Initialize the Human Correction Effort Measure.

Parameters:

relax (int, optional) – The number of relaxations. Defaults to 5.
epsilon (float, optional) – The epsilon value. Defaults to 2.0.

step(pred: ndarray, gt: ndarray, normalize: bool = True)[source]

Statistics the metric for the pair of pred and gt.

Parameters:

pred (np.ndarray) – Prediction, gray scale image.
gt (np.ndarray) – Ground truth, gray scale image.
normalize (bool, optional) – Whether to normalize the input data. Defaults to True.

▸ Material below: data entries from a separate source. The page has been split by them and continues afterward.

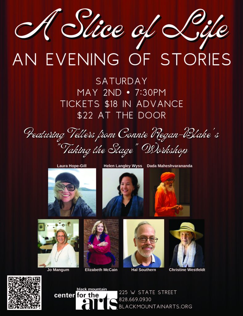 Join Connie as she welcomes her “Taking the Stage” storytelling workshop participants for “A Slice of Life: An Evening of Stories.” This evening of unique voices includes Laura Hope-Gill, Helen Langley Wyss, Dada Maheshvarananda, Jo Mangum, Elizabeth McCain, Hal Southern, and Christine Phillips Westfeldt.
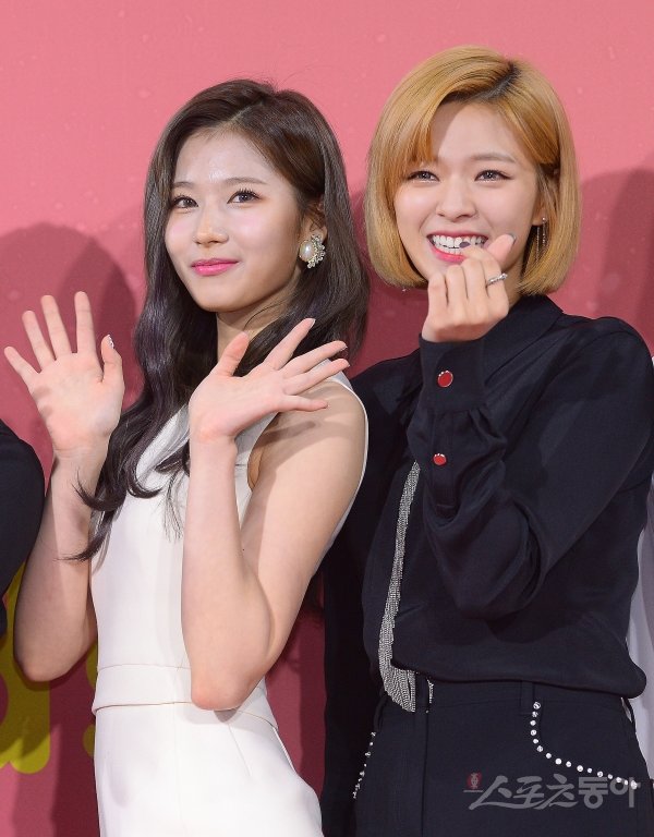 트와이스 사나와 정연(오른쪽)이 2일 서울 구로구 고척스카이돔에서 열린 ‘카카오미니와 함께 하는 2017 멜론 뮤직 어워드’에서 포즈를 취하고 있다.
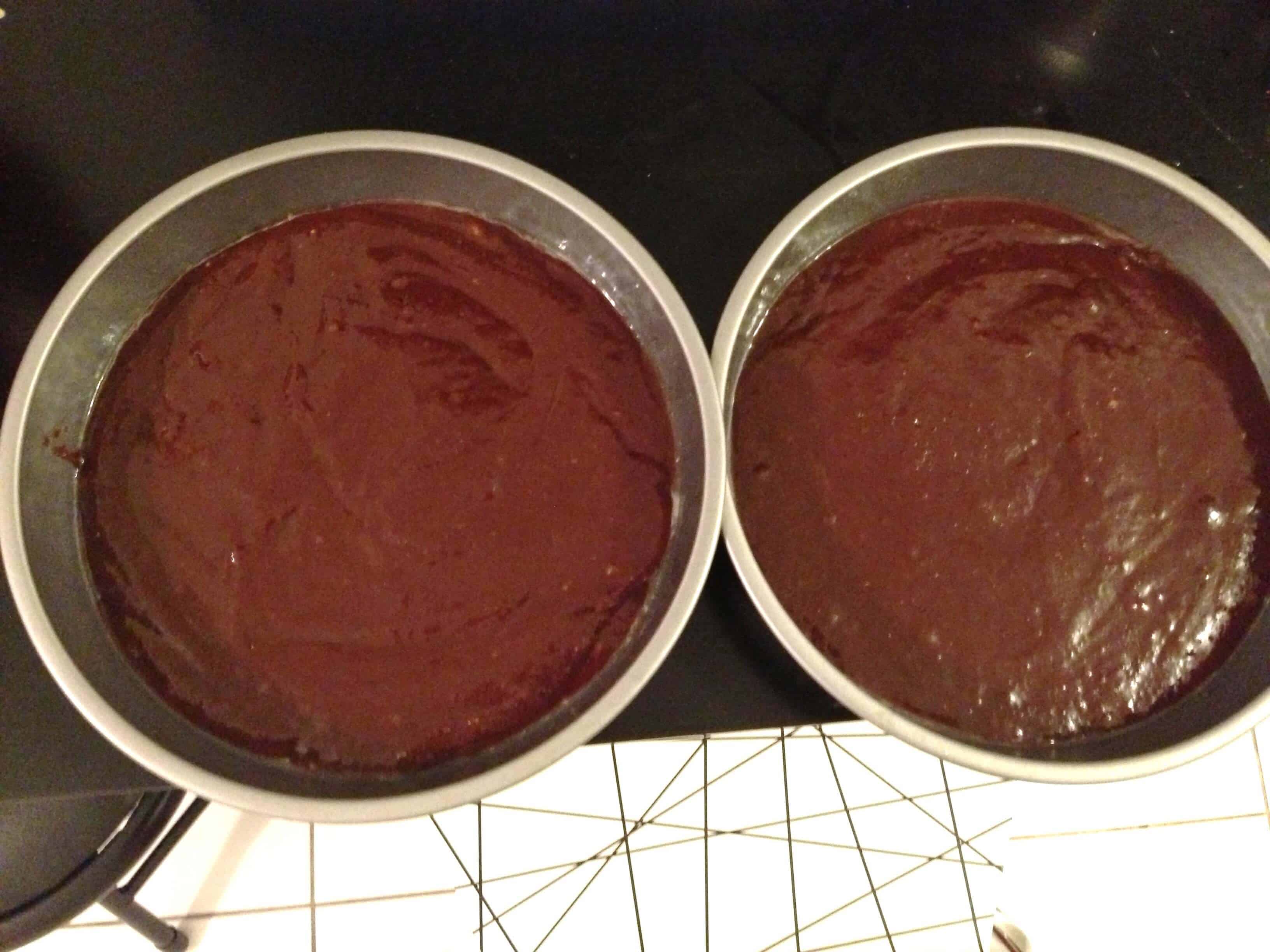 预热烤箱至350°F。涂上润滑脂,在两个9英寸的圆形蛋糕盘上划线。此外,一定要润滑衬里。
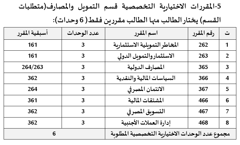 5-المقررات الاختيارية التخصصية قسم التمويل والمصارف(متطلبات القسم) 5-المقررات الاختيارية التخصصية قسم التمويل والمصارف(متطلبات القسم)
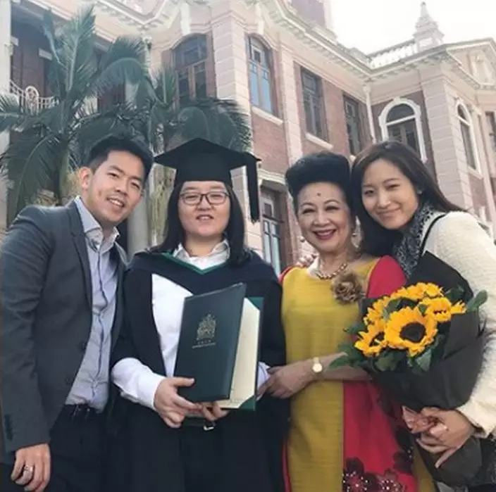 薛家燕的細女石祐珠(左二)去年碩士畢業。(資料圖片)
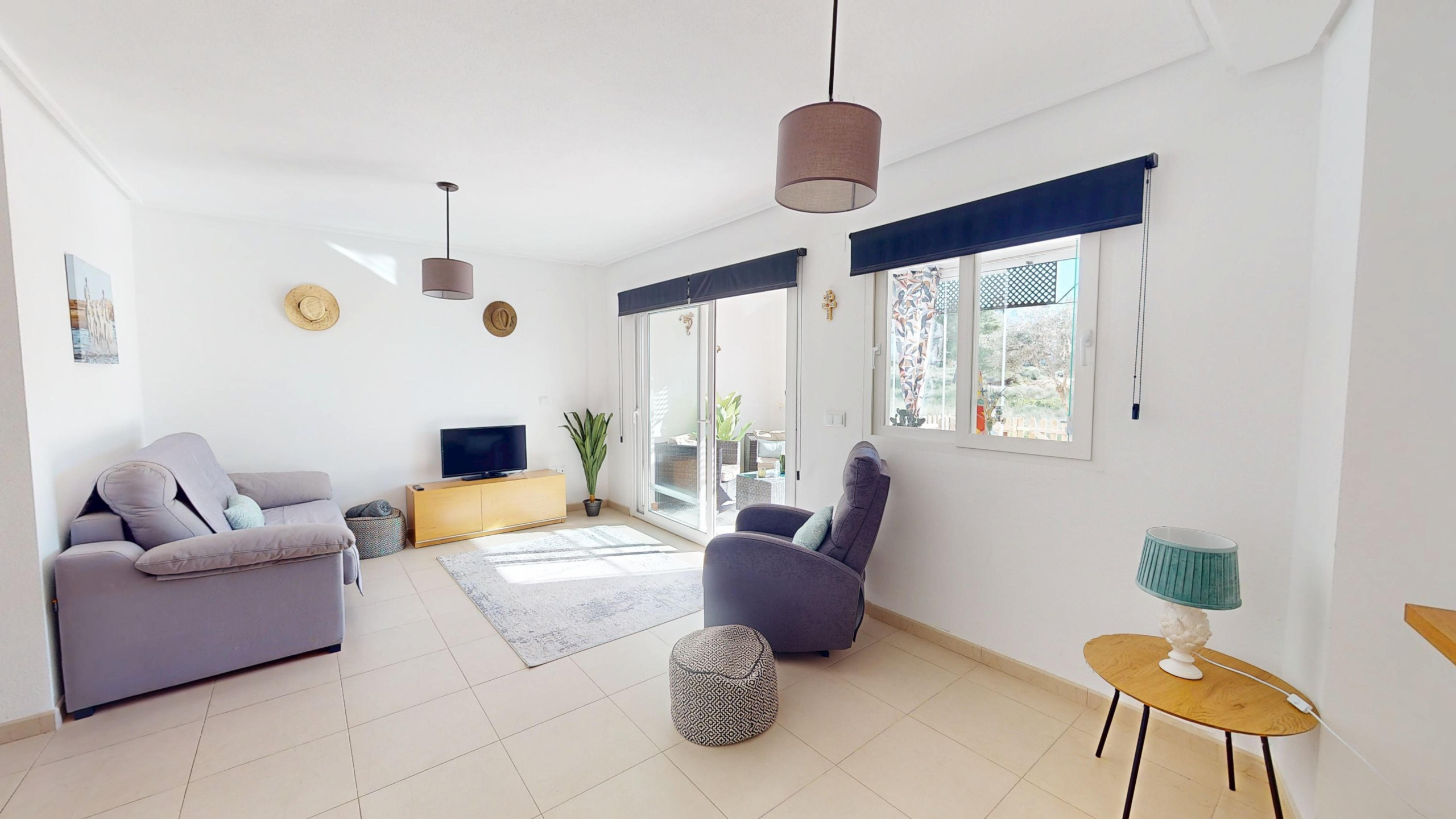 Apartamento moderno de dos dormitorios con cortinas de vidrio y terraza completamente alicatada. Da a la tercera calle del campo de golf y es un paseo fácil hasta la piscina tranquila, ya que está a solo una manzana de distancia. Orientación sur.

cal_hce(pred: ndarray, gt: ndarray) → float[source]

Calculate the Human Correction Effort (HCE) for a pair of prediction and ground truth.

Parameters:

pred (np.ndarray) – Prediction, gray scale image.
gt (np.ndarray) – Ground truth, gray scale image.

Returns:

The HCE value.

Return type:

float

filter_conditional_boundary(contours: list, mask: ndarray, condition: ndarray)[source]

Filter boundary segments based on a given condition mask and compute the number of independent connected regions that require human correction.

Parameters:

contours (List[np.ndarray]) – List of boundary contours (OpenCV format).
mask (np.ndarray) – Binary mask representing the region of interest.
condition (np.ndarray) – Condition mask used to determine which boundary points need to be considered.

Returns:

boundaries (List[np.ndarray]): Filtered boundary segments that require correction.
independent_count (int): Number of independent connected regions

that need correction (i.e., human editing effort).

Return type:

Tuple[List[np.ndarray], int]

count_polygon_control_points(boundaries: list, epsilon: float = 1.0) → int[source]

Approximate each boundary using the Ramer-Douglas-Peucker (RDP) algorithm and count the total number of control points of all approximated polygons.

Parameters:

boundaries (List[np.ndarray]) – List of boundary contours. Each contour is an Nx1x2 numpy array (OpenCV contour format).
epsilon (float) – RDP approximation tolerance. Larger values result in fewer control points.

Returns:

The total number of control points across all approximated polygons.

Return type:

int

Reference:: https://en.wikipedia.org/wiki/Ramer-Douglas-Peucker_algorithm

get_results() → dict[source]

Return the results about HCE.

Returns:: dict(hce=hce)

FmeasureV2 Module 

class py_sod_metrics.fmeasurev2.IOUHandler(with_dynamic: bool, with_adaptive: bool, *, with_binary: bool = False, sample_based: bool = True)[source]

Bases: _BaseHandler

Intersection over Union.

iou = tp / (tp + fp + fn)

__call__(tp, fp, tn, fn)[source]: Calculate IoU from confusion matrix components.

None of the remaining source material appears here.